Introduction

The endocannabinoid system has recently emerged as a target for the pharmacological treatment of obesity and cardiometabolic risk factors1. The cannabinoid receptor subtype 1 (CB1) was the first identified and cloned cannabinoid receptor. Further studies revealed that this receptor is a G-protein coupled receptor2. Among the antagonists of the CB1 receptor, rimonabant [N-piperido-5-(4-chlorophenyl)-1-(2,4-dichlorophenyl)-4-methylpyrazole-3-carboxamide; SR141716] is the first one to come into clinical use for treatment of multiple cardiovascular risk factors such as obesity, diabetes, hyperlipidemia and low high-density-lipoprotein (HDL) cholesterol3. The central nervous system is enriched with the CB1 receptors. Blockade of CB1 receptor in the central nervous system, especially the hypothalamus, results in decreased food intake3. Furthermore, CB1 receptors are also present in peripheral tissues and blockade of peripheral CB1 might also contribute to its metabolic effects. For instance, CB1 blockade in adipose tissue induces decreased abdominal fat, increased adiponectin and HDL, decreased triglycerides (TG), low-density lipoprotein (LDL), C-reactive protein (CRP), decreased insulin resistance and glycosylated hemoglobin1. Rimonabant also stimulates 2-deoxyglucose uptake in skeletal muscle cells4.
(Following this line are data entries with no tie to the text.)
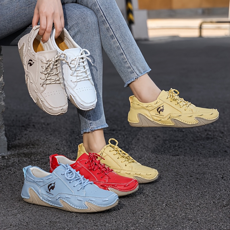 Men's & Women's Handmade Low-Top Sneakers - Large Size White, Yellow, Beige, Blue, Red | Retro Lace-Up Casual Shoes with Sole, - Wear Suitable for Sports & Everyday Use, Women Shoes
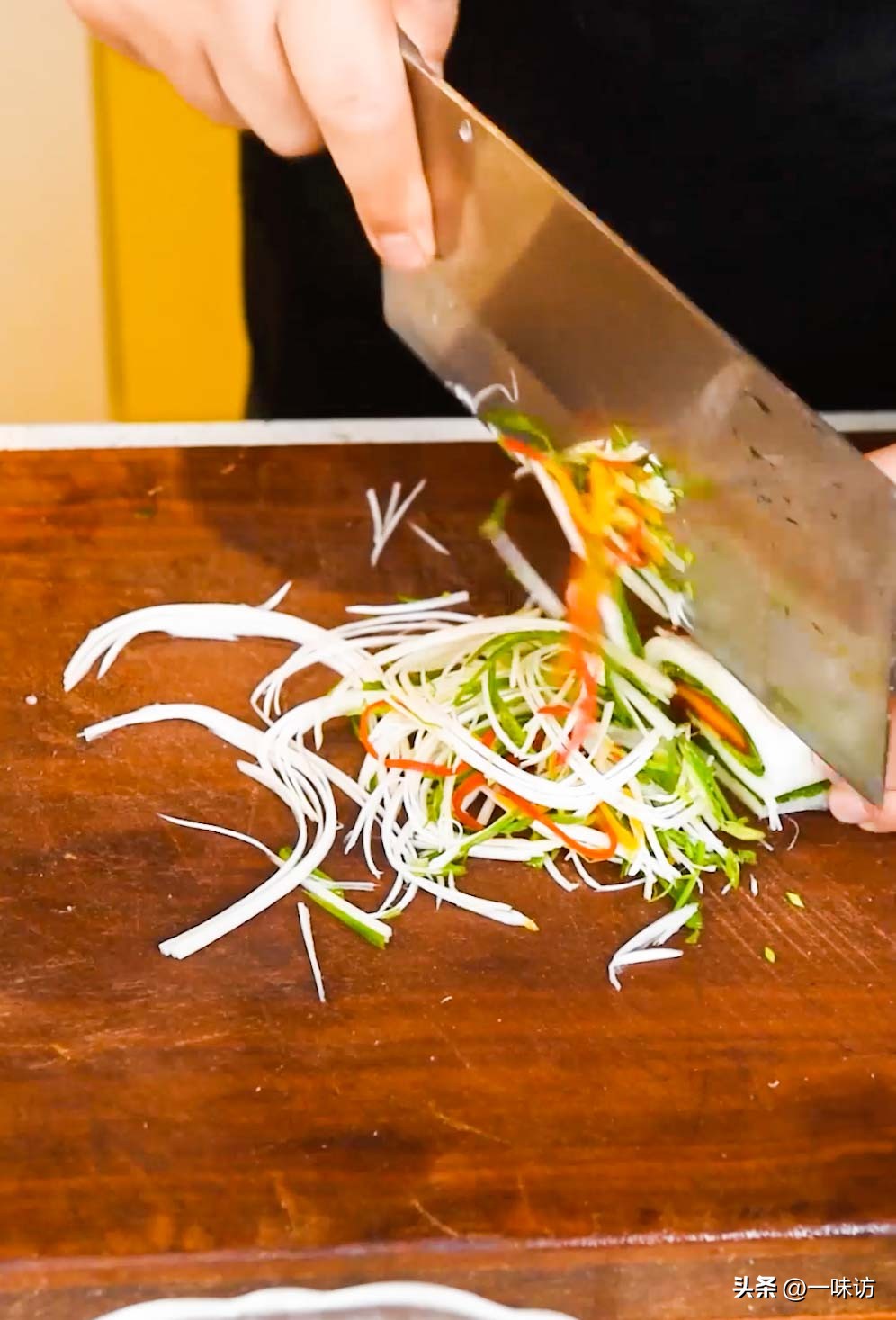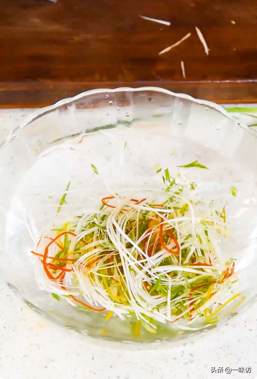 蒸鱼的过程中我们来切一些丝,待会这些丝会撒在鱼上面配色。
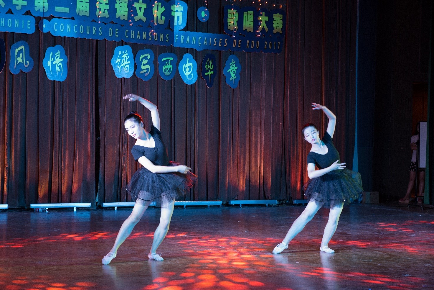 法语文化节,不仅仅有法国的文化,还有中国的传统文化穿插其中。西安外国语大学员工孟昭含带来的古典舞《惜春鼓韵》体现了中国传统文化中“柔”的美感,舞者的一颦一笑都牵扯到观众的心,每一个动作都展现了古典舞的柔美。芭蕾舞《Apologize》和现代舞《刺痛》更是将古典与流行文化演绎给全场观众,仿佛冰与火的交融,绽放出了更绚烂的花朵。
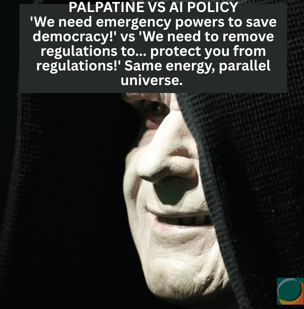 Remember when Palpatine convinced everyone he needed "emergency powers" to save democracy? Yeah, well meet the AI Action Plan: "We need to remove regulations to..... protect you from regulations!"
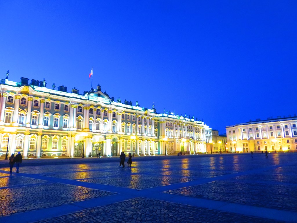 サンクトペテロブルク=夜景と直結はなかなかしませんが、夜のエルミタージュ美術館がおすすめ。日中は、白と黄緑?色で統一された建物が、訪れる人を楽しませてくれますが、夜は建物に写し出される、光のおもてなしの姿に早変わり。周辺では、ストリートミュージシャンが演奏していることもあり、ロマンチックな時を過ごすことができます。
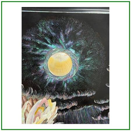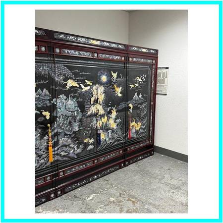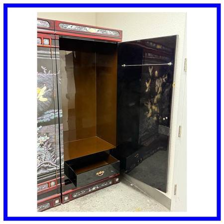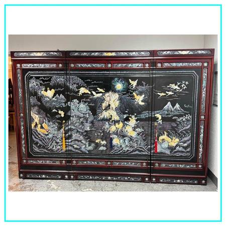Design Plus Gallery presents a Complete Wardrobing Armoire of Korean Character with MotherOfPearl Inlaid, Artfully + Scenically Placed. It is wall sized + comes in three light weight sections. The process in which this wardrobe was created involves layering of lacquer, inlaying the motherofpearl, and then polishing the entirety of its surface. The inlays shows a nature scene with birds, trees, the moon, mountains, and waves front and center. Around the finished front + sides is bordered detail work as well. The inside of the armoire is finished + also acquired with a golden tone. You will find the side cabinets offering hanging rods with one on the door + drawers. The middle section has shelving. the armoire is a work of art, with functioning keys to lock your valuables. Is in good condition with minimal wear.

It has been reported that there are also CB1 receptors in the cardiovascular system. Its role in the cardiovascular system and the effect of CB1 blockade are the focus of many recent researches. It has been shown that vascular and myocardial CB1 contribute to the modulation of blood pressure and heart rate5. Protection against ischemia/reperfusion injury has also been reported for CB1 receptor blockade5.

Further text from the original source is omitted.